Am I throwing money down the drain?
The average rent for a 2 bedroom apartment in St. Louis, MO is $737/month. That doesn't seem completely unreasonable, does it? But, what does that mean if you are renting for 5 years? What that means, is that you have spent $44,220 and have nothing to show for it...well, I suppose you haven't been homeless, which is always a plus.
What could $737 mean in terms of a mortgage? That means, a $145,455.17 loan. That also means a $153,110.71 purchase price! What can you get for $153,000? I was looking online today, and I found a 4 bedroom, 2 bathroom house listed for $150,000.
Now, if you are truly someone who wants to budget everything out(which is smart)...lets include taxes and insurance in that $737 payment. That means you can get a loan for $105,982.94 if you are paying $200/month in taxes and insurance. That means, you can afford a $111,560.99 home. What can you get for $111,000? I found a 3 bedroom, 1 bathroom home at $110,000 looking online.

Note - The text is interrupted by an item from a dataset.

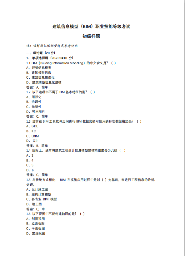 建筑信息模型(BIM)职业技能等级证书初级样题公布,图片形式仅有前三页,欲获取全部完整样题请点击下方链接。

Now, I know what your question is...how much equity will I build after 5 years of owning a home? I did an easy amortization schedule on a $105,000 loan amount, and after 5 years of regular payments of $532.o2 with no pre-payments, you will have built almost $10,000 in equity. If you pre-pay $50/month, you will have added $3,000 in equity totaling $13,000.
On the higher priced home, at $150,000, you will have built $13,000 in equity. If you pre-pay an extra $50/month, you will have $16,000 in equity.
This is all not to mention that prices and rates are at an all time low right now. If you are renting and you have a steady job, you really need to look into buying a home. If you don't take advantage of this opportunity, you could be wasting a lot of money.